Exercise instructions:
Leave the pictures out and restate every line below exactly.
=== Stored data ===
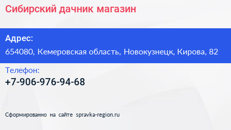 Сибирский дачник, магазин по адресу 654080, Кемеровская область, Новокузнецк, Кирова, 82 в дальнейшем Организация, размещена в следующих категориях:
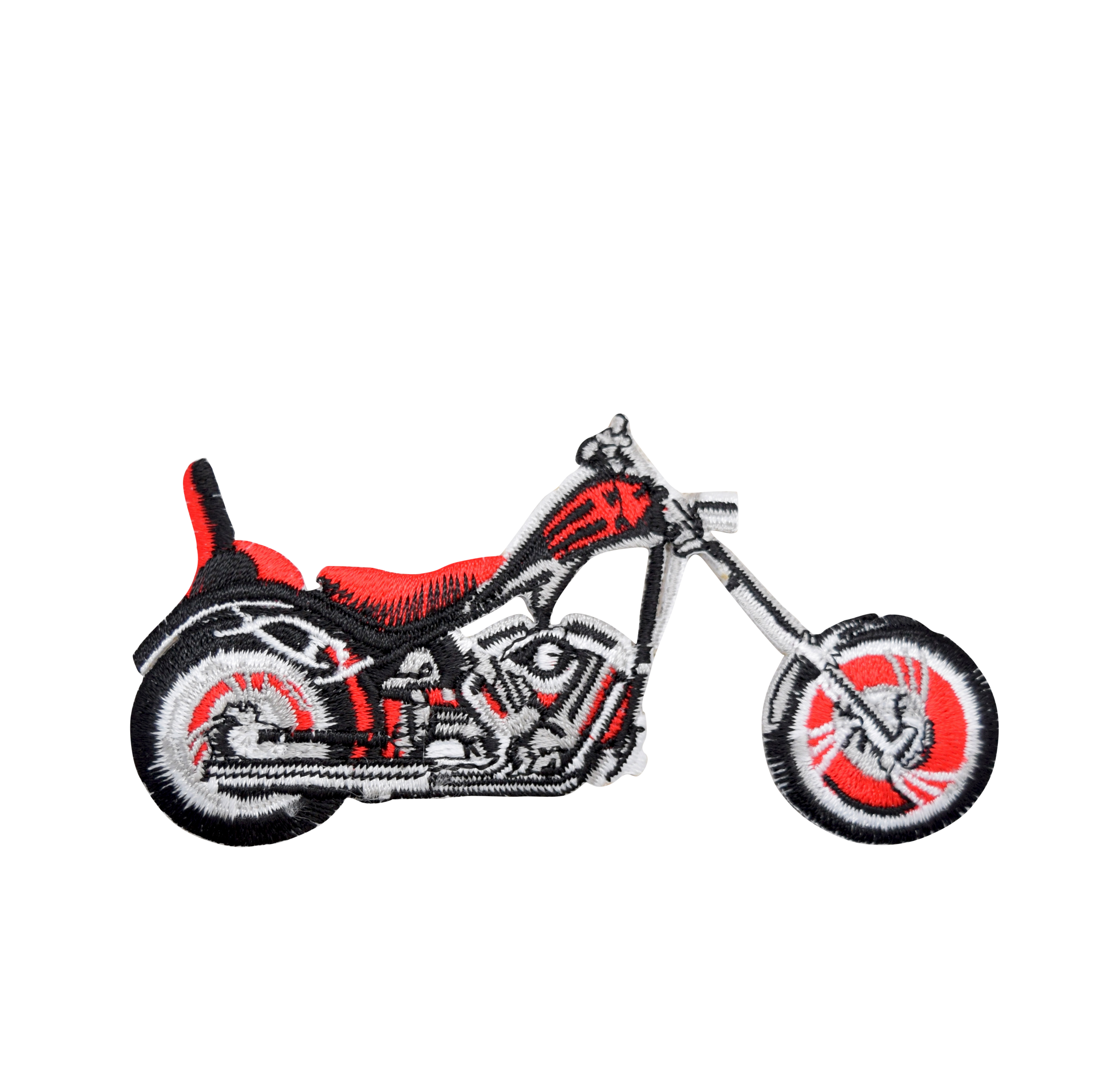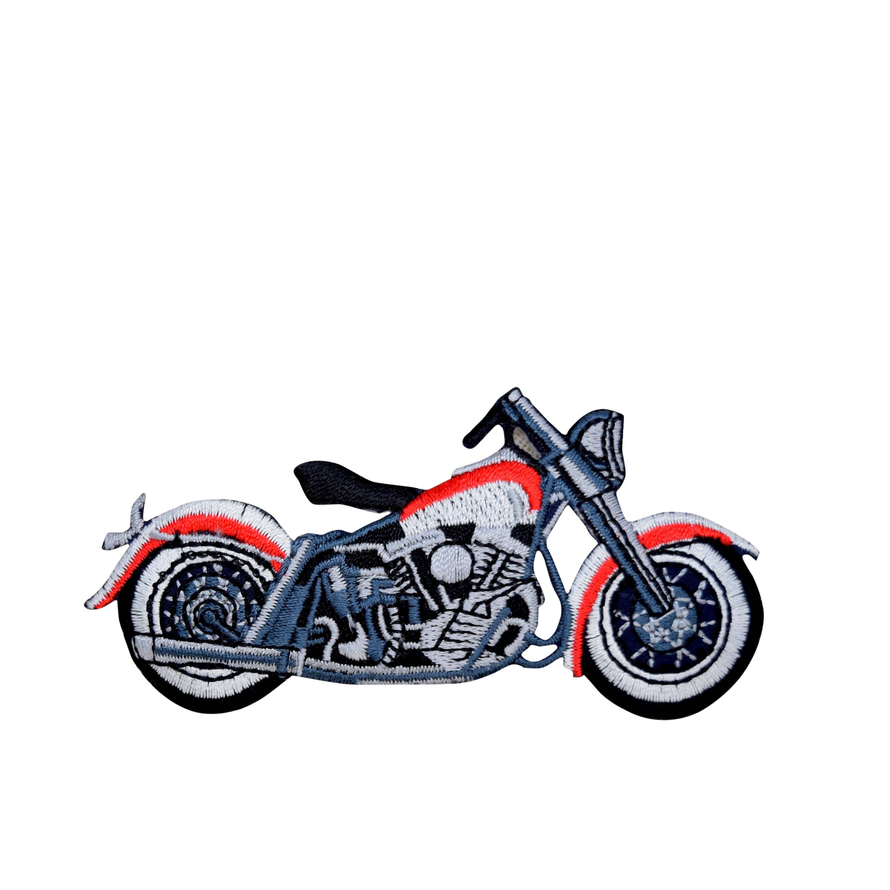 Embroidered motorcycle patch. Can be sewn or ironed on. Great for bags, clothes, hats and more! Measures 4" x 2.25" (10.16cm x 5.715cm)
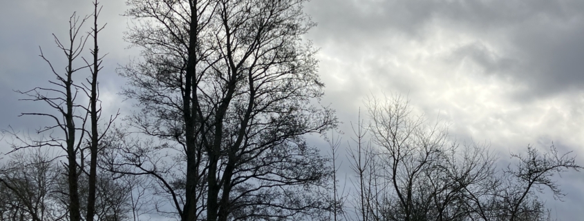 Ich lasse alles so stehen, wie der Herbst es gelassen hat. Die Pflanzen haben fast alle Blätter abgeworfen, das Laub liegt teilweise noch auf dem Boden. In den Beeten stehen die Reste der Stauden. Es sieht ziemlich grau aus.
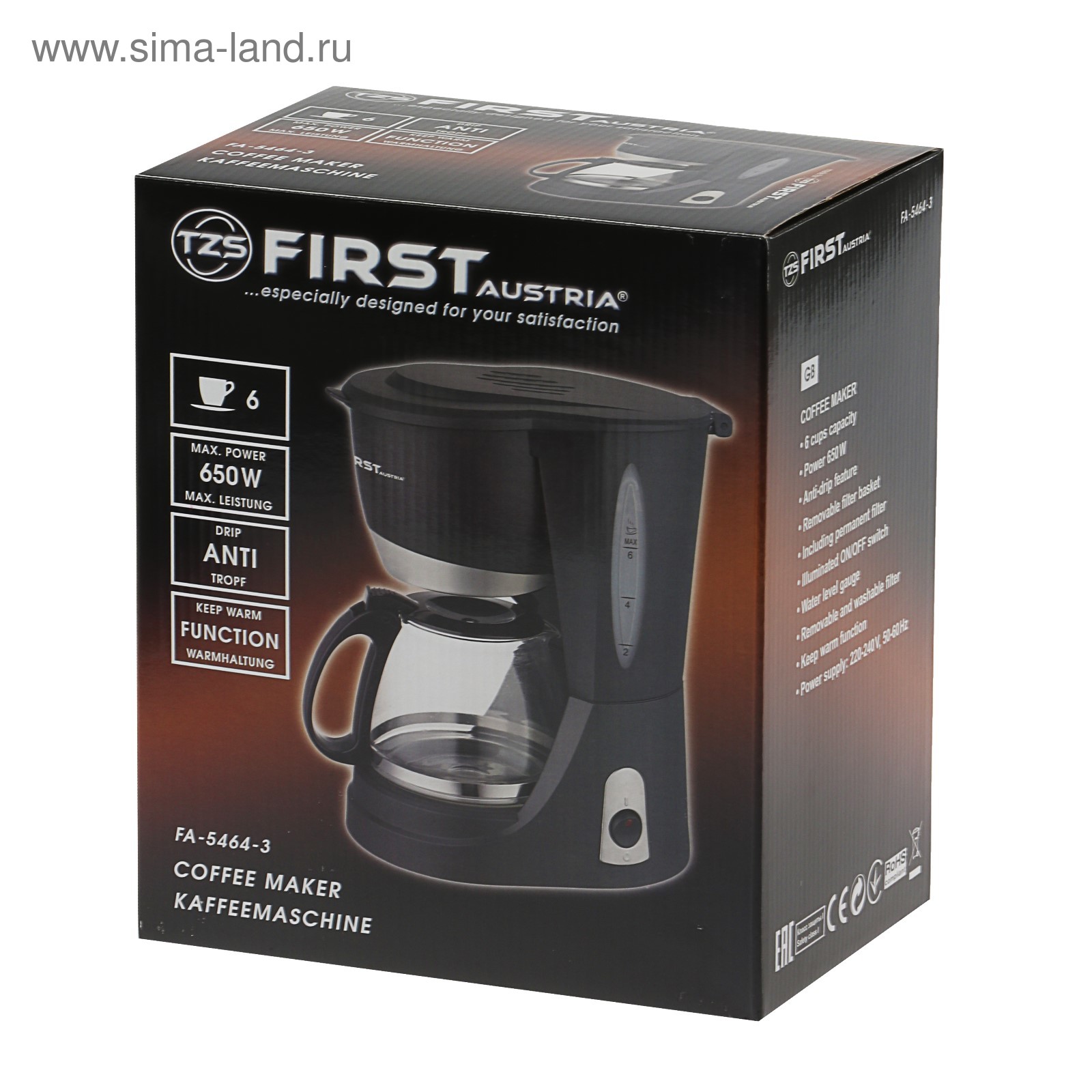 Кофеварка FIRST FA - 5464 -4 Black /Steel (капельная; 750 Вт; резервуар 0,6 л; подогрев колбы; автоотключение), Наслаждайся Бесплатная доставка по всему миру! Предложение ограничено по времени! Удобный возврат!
===
Solution to this problem:
 Сибирский дачник, магазин по адресу 654080, Кемеровская область, Новокузнецк, Кирова, 82 в дальнейшем Организация, размещена в следующих категориях:
 Embroidered motorcycle patch. Can be sewn or ironed on. Great for bags, clothes, hats and more! Measures 4" x 2.25" (10.16cm x 5.715cm)
 Ich lasse alles so stehen, wie der Herbst es gelassen hat. Die Pflanzen haben fast alle Blätter abgeworfen, das Laub liegt teilweise noch auf dem Boden. In den Beeten stehen die Reste der Stauden. Es sieht ziemlich grau aus.
 Кофеварка FIRST FA - 5464 -4 Black /Steel (капельная; 750 Вт; резервуар 0,6 л; подогрев колбы; автоотключение), Наслаждайся Бесплатная доставка по всему миру! Предложение ограничено по времени! Удобный возврат!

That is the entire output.